- _TASK INSTRUCTIONS_
Range to repeat from the listing below: the line containing "Jazz Chisholm Jr." down to the line containing "据报道,昨晚台中海巡队舰艇在", both included. Copy it exactly, pictures excluded, and add nothing else.
Top of DATA EXTRACT
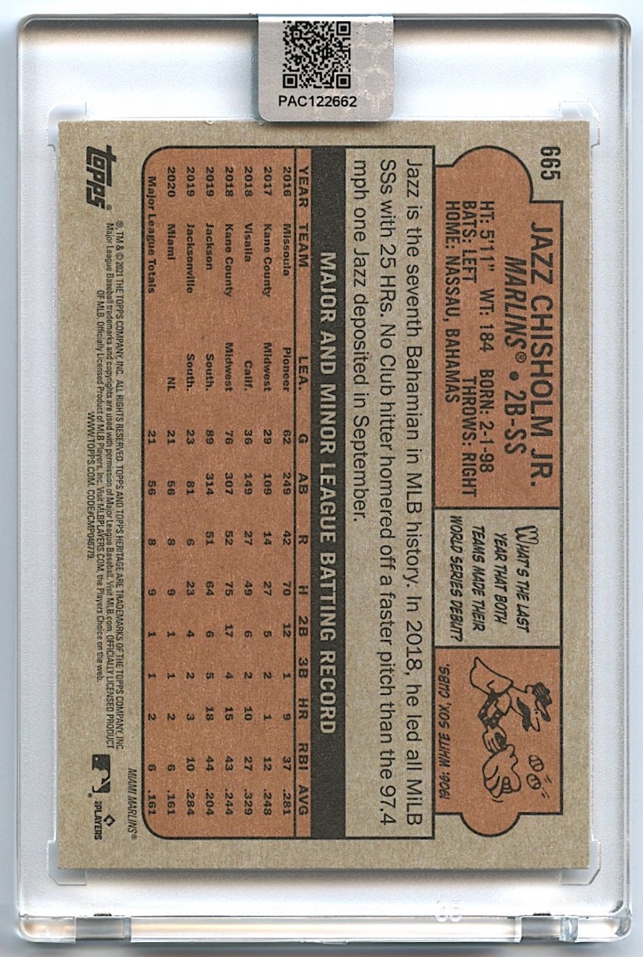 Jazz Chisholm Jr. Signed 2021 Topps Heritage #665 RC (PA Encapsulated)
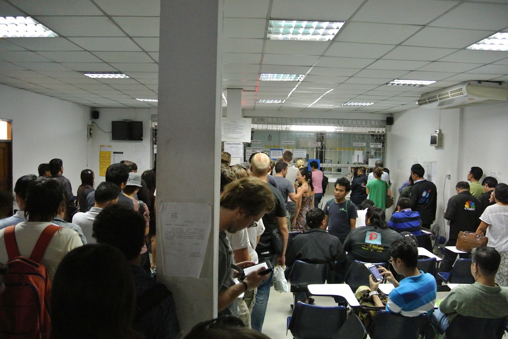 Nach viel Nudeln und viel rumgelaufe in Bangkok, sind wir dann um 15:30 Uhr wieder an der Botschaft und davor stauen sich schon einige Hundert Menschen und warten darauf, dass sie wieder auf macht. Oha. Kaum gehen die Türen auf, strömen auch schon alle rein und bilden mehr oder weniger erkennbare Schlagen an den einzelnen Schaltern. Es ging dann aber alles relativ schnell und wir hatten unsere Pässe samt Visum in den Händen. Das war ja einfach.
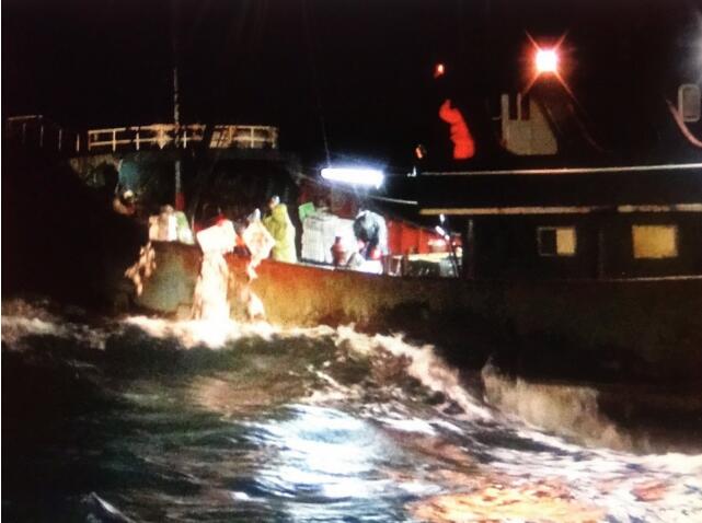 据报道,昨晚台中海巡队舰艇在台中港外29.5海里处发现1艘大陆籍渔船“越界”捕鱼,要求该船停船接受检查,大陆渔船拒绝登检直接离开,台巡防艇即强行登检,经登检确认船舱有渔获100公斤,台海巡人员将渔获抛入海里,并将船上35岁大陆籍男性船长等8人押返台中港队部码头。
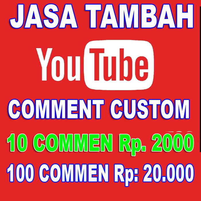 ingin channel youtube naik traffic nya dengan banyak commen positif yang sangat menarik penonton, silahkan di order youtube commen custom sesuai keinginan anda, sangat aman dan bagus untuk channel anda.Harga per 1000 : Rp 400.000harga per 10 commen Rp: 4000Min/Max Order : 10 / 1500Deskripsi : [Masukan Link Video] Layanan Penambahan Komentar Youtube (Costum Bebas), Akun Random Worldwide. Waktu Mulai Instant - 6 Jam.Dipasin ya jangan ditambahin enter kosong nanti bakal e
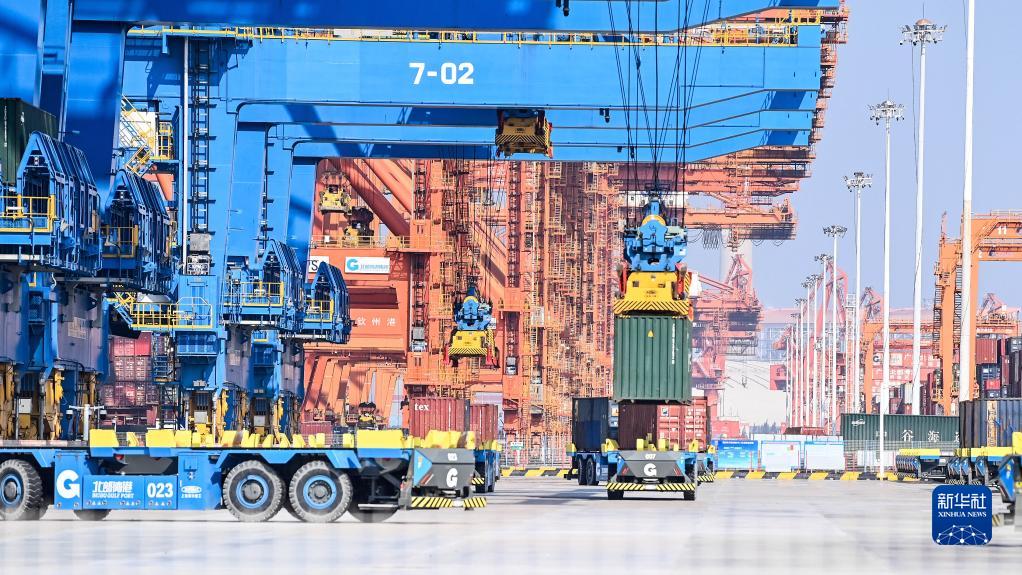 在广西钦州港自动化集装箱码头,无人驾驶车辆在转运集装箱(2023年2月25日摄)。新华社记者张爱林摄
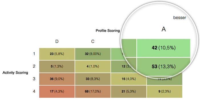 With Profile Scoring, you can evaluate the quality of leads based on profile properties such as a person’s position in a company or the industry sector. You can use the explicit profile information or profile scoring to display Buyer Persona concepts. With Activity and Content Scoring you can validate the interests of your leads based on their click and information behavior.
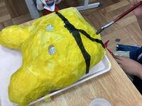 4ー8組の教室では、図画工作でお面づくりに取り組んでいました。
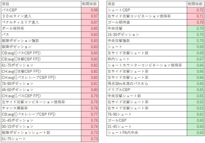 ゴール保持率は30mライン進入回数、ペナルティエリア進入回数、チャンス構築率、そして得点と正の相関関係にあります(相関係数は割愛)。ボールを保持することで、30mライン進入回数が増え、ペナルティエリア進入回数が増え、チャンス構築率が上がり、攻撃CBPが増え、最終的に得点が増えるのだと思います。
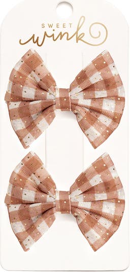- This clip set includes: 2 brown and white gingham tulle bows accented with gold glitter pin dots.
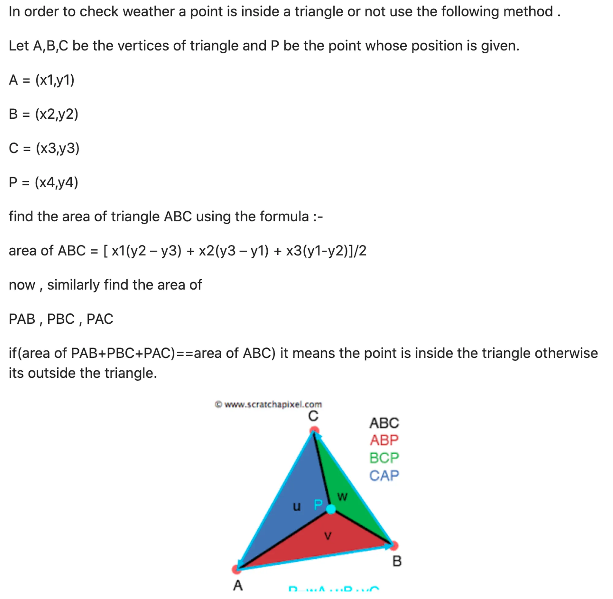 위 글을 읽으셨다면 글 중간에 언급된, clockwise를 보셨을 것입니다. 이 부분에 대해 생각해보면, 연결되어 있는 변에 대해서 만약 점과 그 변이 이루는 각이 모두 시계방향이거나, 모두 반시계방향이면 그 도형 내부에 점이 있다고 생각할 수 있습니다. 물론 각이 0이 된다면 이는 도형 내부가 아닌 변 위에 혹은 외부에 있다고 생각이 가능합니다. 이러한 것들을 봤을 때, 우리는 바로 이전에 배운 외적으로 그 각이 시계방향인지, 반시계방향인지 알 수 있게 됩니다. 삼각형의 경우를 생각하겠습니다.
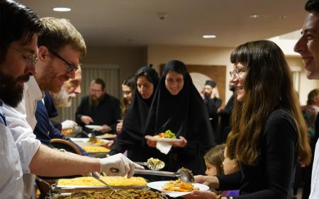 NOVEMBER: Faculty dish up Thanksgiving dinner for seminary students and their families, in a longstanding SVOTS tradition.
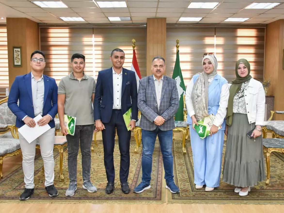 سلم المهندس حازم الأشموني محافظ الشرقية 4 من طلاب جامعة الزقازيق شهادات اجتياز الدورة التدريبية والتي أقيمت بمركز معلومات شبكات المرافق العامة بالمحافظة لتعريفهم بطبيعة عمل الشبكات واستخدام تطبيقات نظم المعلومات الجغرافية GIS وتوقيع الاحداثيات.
Bottom of DATA EXTRACT
Top of DATA EXTRACT
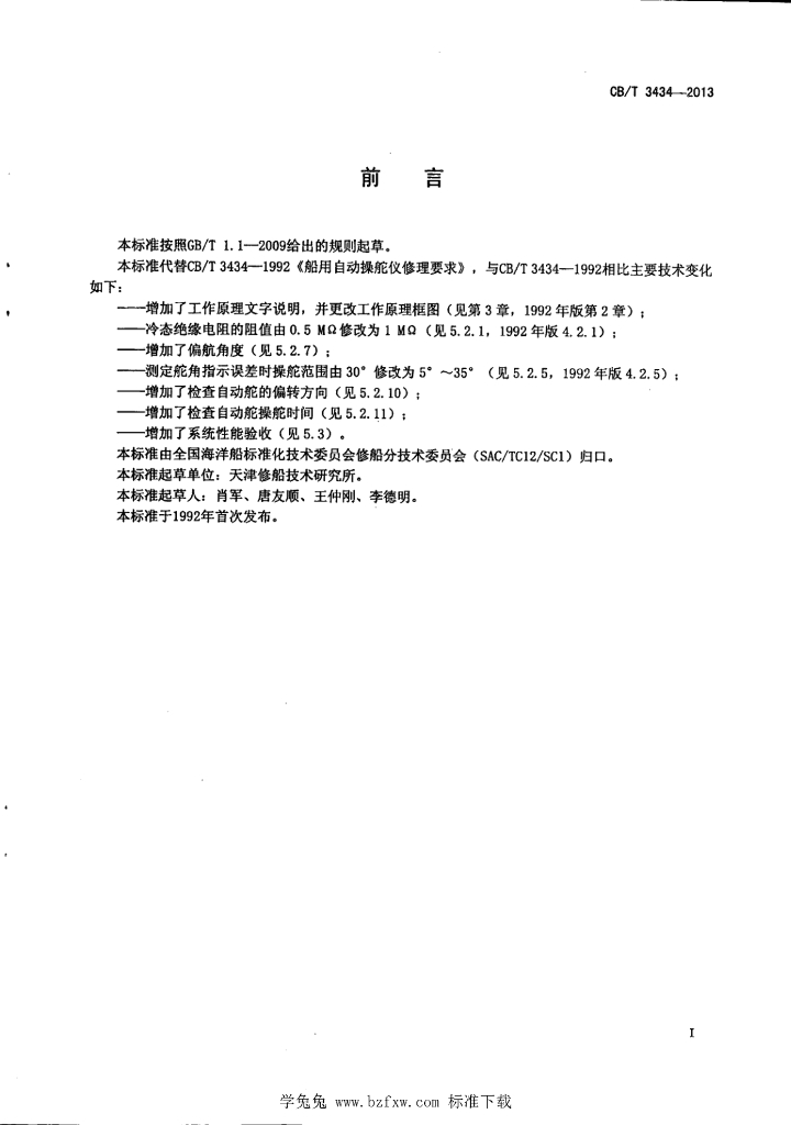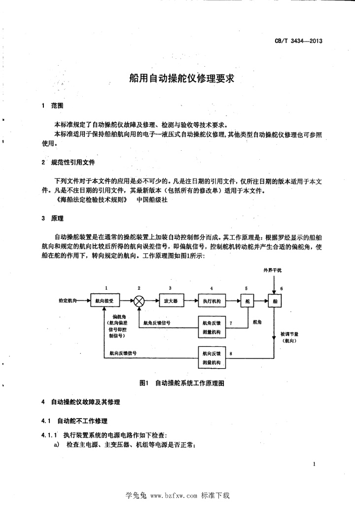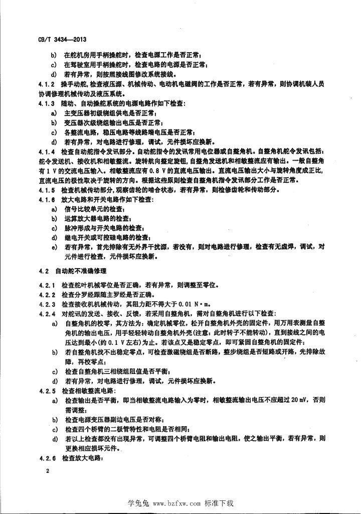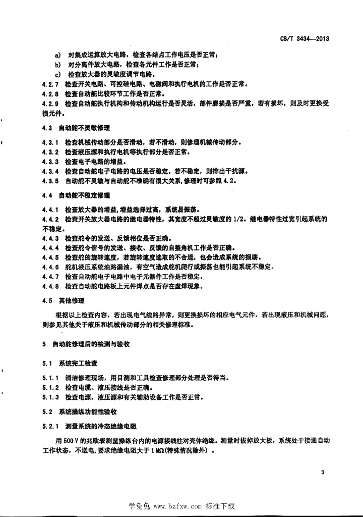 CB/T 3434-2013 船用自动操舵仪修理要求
Bottom of DATA EXTRACT
- _RESPONSE_
 Jazz Chisholm Jr. Signed 2021 Topps Heritage #665 RC (PA Encapsulated)
 Nach viel Nudeln und viel rumgelaufe in Bangkok, sind wir dann um 15:30 Uhr wieder an der Botschaft und davor stauen sich schon einige Hundert Menschen und warten darauf, dass sie wieder auf macht. Oha. Kaum gehen die Türen auf, strömen auch schon alle rein und bilden mehr oder weniger erkennbare Schlagen an den einzelnen Schaltern. Es ging dann aber alles relativ schnell und wir hatten unsere Pässe samt Visum in den Händen. Das war ja einfach.
 据报道,昨晚台中海巡队舰艇在台中港外29.5海里处发现1艘大陆籍渔船“越界”捕鱼,要求该船停船接受检查,大陆渔船拒绝登检直接离开,台巡防艇即强行登检,经登检确认船舱有渔获100公斤,台海巡人员将渔获抛入海里,并将船上35岁大陆籍男性船长等8人押返台中港队部码头。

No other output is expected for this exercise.